Let's download a pretrained model directly from the HuggingFace hub and optimize
it:
.. code-block:: python
import torch
from transformers import BertTokenizer, BertModel
# Copy pasted from here https://huggingface.co/bert-base-uncased
tokenizer = BertTokenizer.from_pretrained('bert-base-uncased')
model = BertModel.from_pretrained("bert-base-uncased").to(device="cuda:0")
model = torch.compile(model, backend="inductor") # This is the only line of code that we changed
text = "Replace me by any text you'd like."
encoded_input = tokenizer(text, return_tensors='pt').to(device="cuda:0")
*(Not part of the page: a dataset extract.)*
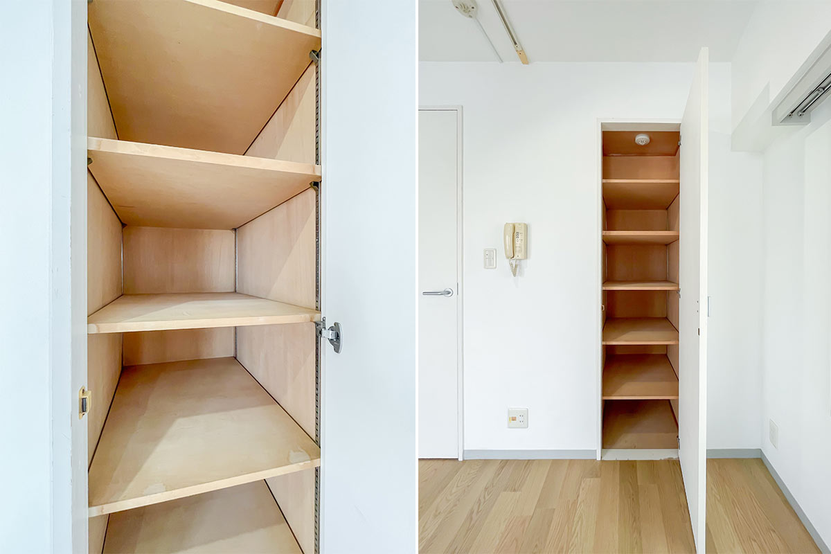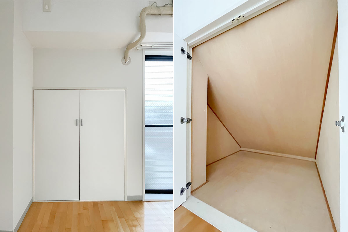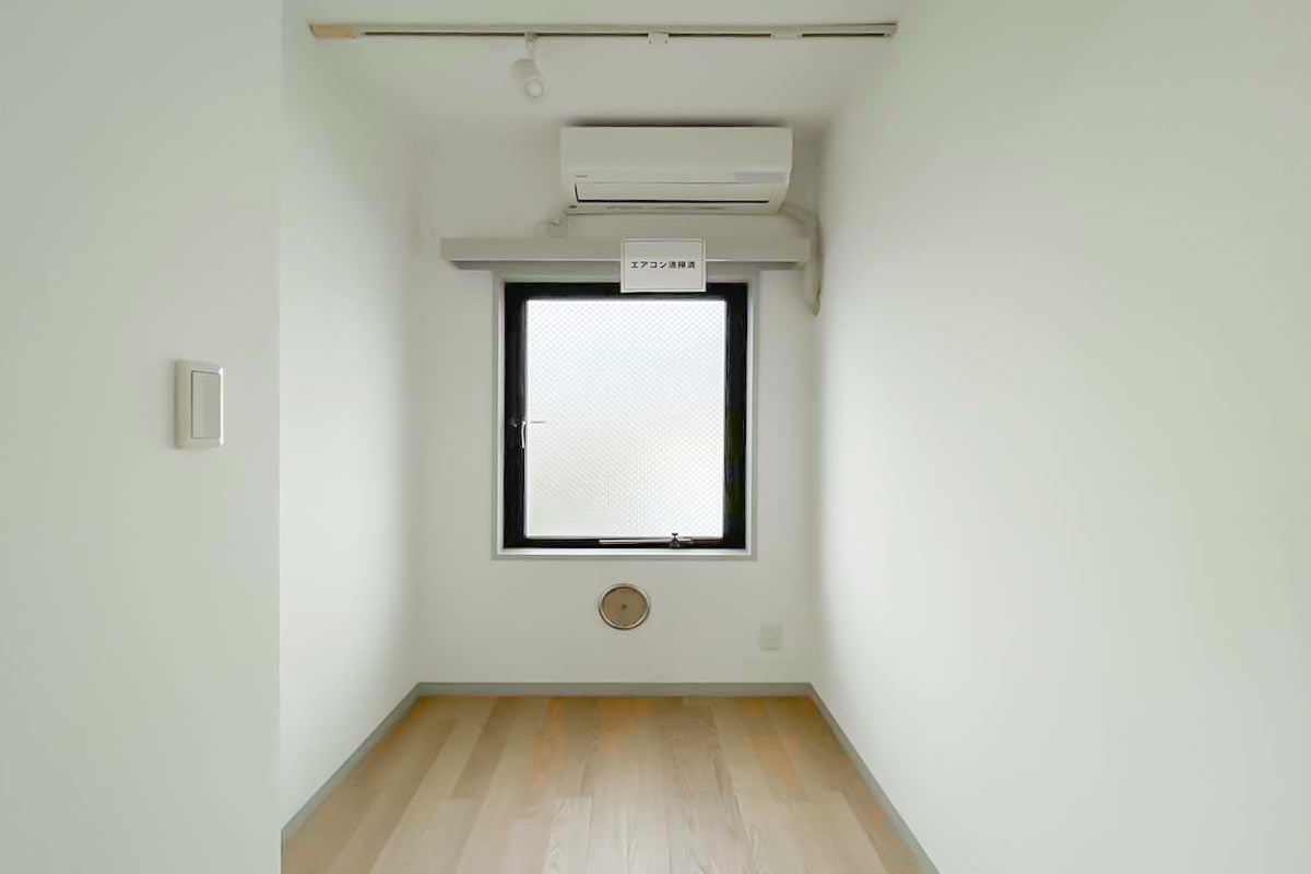 収納はいわゆるクローゼットではないため、ベッド下収納やハンガーラックが必要です。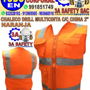 CHALECO DRILL TEC T/REPORT. C/NARANJA, C/CINTA 1″ T. L

output = model(**encoded_input)
If you remove the ``to(device="cuda:0")`` from the model and
``encoded_input``, then Triton will generate C++ kernels that will be
optimized for running on your CPU. You can inspect both Triton or C++
kernels for BERT. They are more complex than the trigonometry
example we tried above but you can similarly skim through it and see if you
understand how PyTorch works.
Similarly, lets try out a TIMM example:
.. code-block:: python
import timm
import torch
model = timm.create_model('resnext101_32x8d', pretrained=True, num_classes=2)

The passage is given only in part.